Then, ${\varphi }_t$, ${\varphi }_A$, and ${\varphi }_{A^{\prime }}$ are given by:

$${\varphi }_t=\left|{\tan }^{-1}\left(\frac{{\overline{y}}_{i+1}^1-{\overline{y}}_i^1}{{\overline{x}}_{i+1}^1-{\overline{x}}_i^1}\right)\right|, {\varphi }_A=\left|{\tan }^{-1}\left(\frac{\frac{G_p}{2}-{\overline{y}}_i^1}{-\frac{l_{r1}}{2}-{\overline{x}}_i^1}\right)\right|, {\varphi }_{A^{\prime }}=\left|{\tan }^{-1}\left(\frac{-\frac{G_p}{2}-{\overline{y}}_i^1}{-\frac{l_{r1}}{2}-{\overline{x}}_i^1}\right)\right|$$

(35)

When the beam element satisfies the boundary conditions in Equation (34), the magnitude of $\Delta {\overline{\mathbf{r}}}_2^1$ is:

$$\begin{array}{ll}\left|\Delta {\overline{\mathbf{r}}}_2^1\right|=\left\{{\overline{y}}_i^1+\left({\overline{x}}_i^1+\frac{l_{r1}}{2}\right)\tan {\varphi }_t-\frac{G_p}{2}\right\}\cos {\varphi }_t\hfill & \left({\varphi }_t\le {\varphi }_A\right)\hfill \\ \left|\Delta {\overline{\mathbf{r}}}_2^1\right|=\left\{-{\overline{y}}_i^1+\left({\overline{x}}_i^1+\frac{l_{r1}}{2}\right)\tan {\varphi }_t-\frac{G_p}{2}\right\}\cos {\varphi }_t\hfill & \left({\varphi }_t\le {\varphi }_{A^{\prime }}\right)\hfill \end{array}$$

(36)

and when $\left|\Delta {\overline{\mathbf{r}}}_2^1\right|$ is decomposed in the $X$ and $Y$ directions in the object coordinate system, we obtain:

$$\begin{array}{ll}\Delta {\overline{\mathbf{r}}}_2^1=\left\{{\overline{y}}_i^1+\left({\overline{x}}_i^1+\frac{l_{r1}}{2}\right)\tan {\varphi }_t-\frac{G_p}{2}\right\}\left[\begin{array}{c}\frac{\sin 2{\varphi }_t}{2}\\ \frac{\cos 2{\varphi }_t+1}{2}\end{array}\right]\hfill & \left({\varphi }_t\le {\varphi }_A\right)\hfill \\ \Delta {\overline{\mathbf{r}}}_2^1=\left\{-{\overline{y}}_i^1+\left({\overline{x}}_i^1+\frac{l_{r1}}{2}\right)\tan {\varphi }_t-\frac{G_p}{2}\right\}\left[\begin{array}{c}\frac{\sin 2{\varphi }_t}{2}\\ -\frac{\cos 2{\varphi }_t+1}{2}\end{array}\right]\hfill & \left({\varphi }_t\le {\varphi }_{A^{\prime }}\right)\hfill \end{array}$$

(37)

Next, we consider the frictional force from the edge of rigid body 1 on the beam element.
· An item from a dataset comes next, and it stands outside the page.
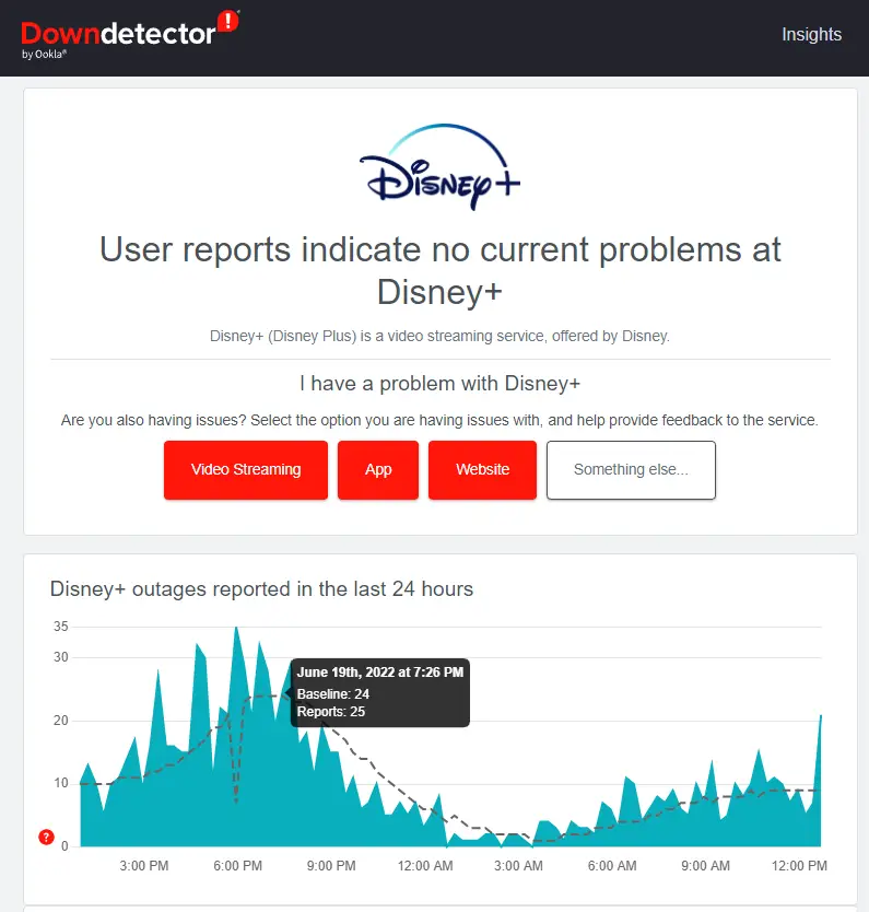 Sie müssen Anwendungen von Drittanbietern verwenden, zAbwärtsdetektorum den Serverstatus von Disney Plus zu überprüfen. Wenn der Disney Plus-Server ausgefallen ist, müssen Sie warten, bis der Server repariert ist. Da seitens des Benutzers nichts unternommen werden kann, kann das Problem durch Disney Plus behoben werden.
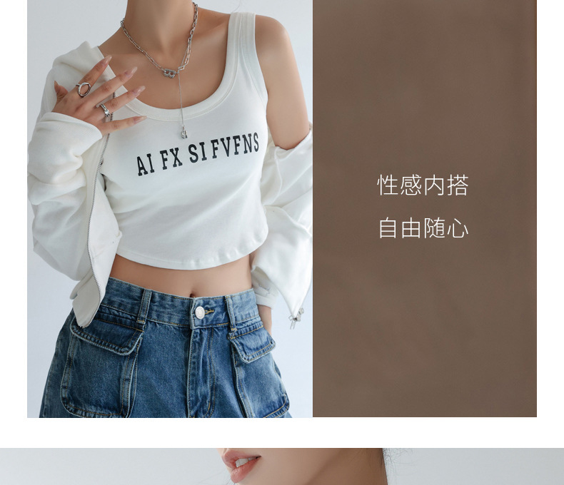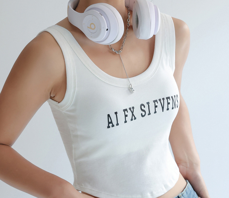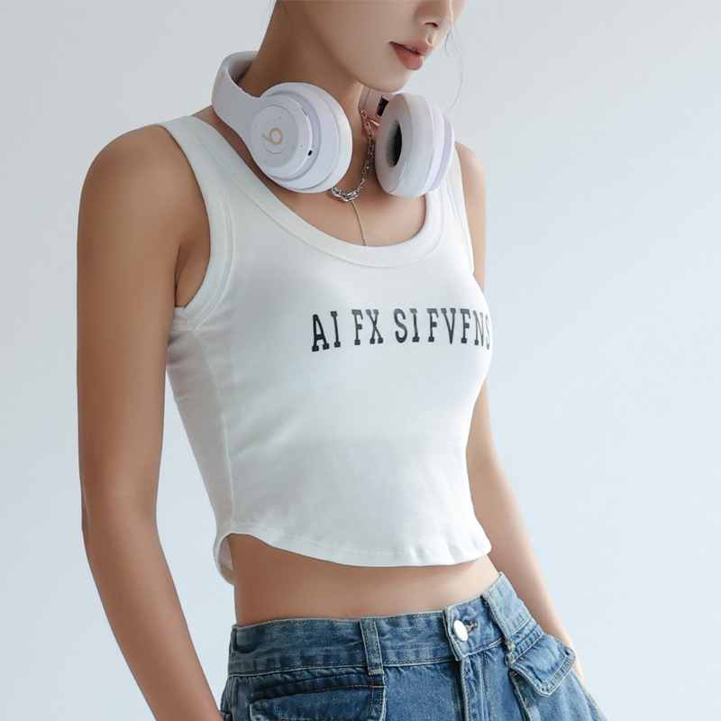 순수한 면 바닥 조끼 여성의 섹시한 세트 내부 문자 디자인 감각 틈새 가슴 패드 작은 슬링은 외부에서 착용 할 수 있습니다

The frictional force in the object coordinate system from the tip of rigid body 1 on the beam element ${\overline{\mathbf{F}}}_{f2}^1$ is described as:

$${\overline{\mathbf{F}}}_{f2}^1={\mu }_2\left[\begin{array}{c}-\mathrm{sgn}\left({\dot{{\overline{x}}_i}}^1\right)|{\overline{F}}_{k2y}^1|\\ -\mathrm{sgn}\left({\dot{{\overline{y}}_i}}^1\right)|{\overline{F}}_{k2x}^1|\end{array}\right]$$

(38)

where ${\mu }_2$ is the friction coefficient between the beam element and the tip of rigid body 1. Therefore, the force from the tip of rigid body 1 on the beam element in the global coordinate system is:

$${\mathbf{F}}_2=\left[\begin{array}{c}{F}_{2x}\\ F_{2y}\end{array}\right]={\mathbf{T}}_1\left({\overline{\mathbf{F}}}_{k2}^1+{\overline{\mathbf{F}}}_{f2}^1\right)$$

(39)

Since the force determined by Equation (39) is the force from the beam element, this force is decomposed into components ${\mathbf{F}}_{ei}$ and ${\mathbf{F}}_{ei+1}$, which are received by the nodes at each end of the beam element. Assuming that ${\mathbf{F}}_2/l_e$ acts uniformly on the beam elements, ${\mathbf{F}}_{ei}$ and ${\mathbf{F}}_{ei+1}$ are expressed by the following equation based on the principle of virtual work:

$$\left[\begin{array}{c}{\mathbf{F}}_{ei}\\ {\mathbf{F}}_{ei+1}\end{array}\right]={\left[\begin{array}{cccccccc}\frac{1}{2}{F}_{2x}& \frac{1}{2}{F}_{2y}& \frac{l_e}{12}{F}_{2x}& \frac{l_e}{12}{F}_{2y}& \frac{1}{2}{F}_{2x}& \frac{1}{2}{F}_{2y}& -\frac{l_e}{12}{F}_{2x}& -\frac{l_e}{12}{F}_{2y}\end{array}\right]}^T$$

(40)

The force ${\mathbf{F}}_{2r}$ and the rotational moment $M_{2r}$ from the beam element on rigid body 1 by contact are described as:

$$\begin{array}{cc}\left[\begin{array}{c}{\mathbf{F}}_{2r}\\ M_{2r}\end{array}\right]=\left[\begin{array}{c}-{\mathbf{F}}_2\\ \frac{l_{r1}}{2}{\overline{F}}_{2y}^1+\frac{G_p}{2}{\overline{F}}_{2x}^1\end{array}\right]& \left({\varphi }_t\le {\varphi }_A\right)\\ \left[\begin{array}{c}{\mathbf{F}}_{2r}\\ M_{2r}\end{array}\right]=\left[\begin{array}{c}-{\mathbf{F}}_2\\ \frac{l_{r1}}{2}{\overline{F}}_{2y}^1-\frac{G_p}{2}{\overline{F}}_{2x}^1\end{array}\right]& \left({\varphi }_t\le {\varphi }_{A^{\prime }}\right)\end{array}$$

(41)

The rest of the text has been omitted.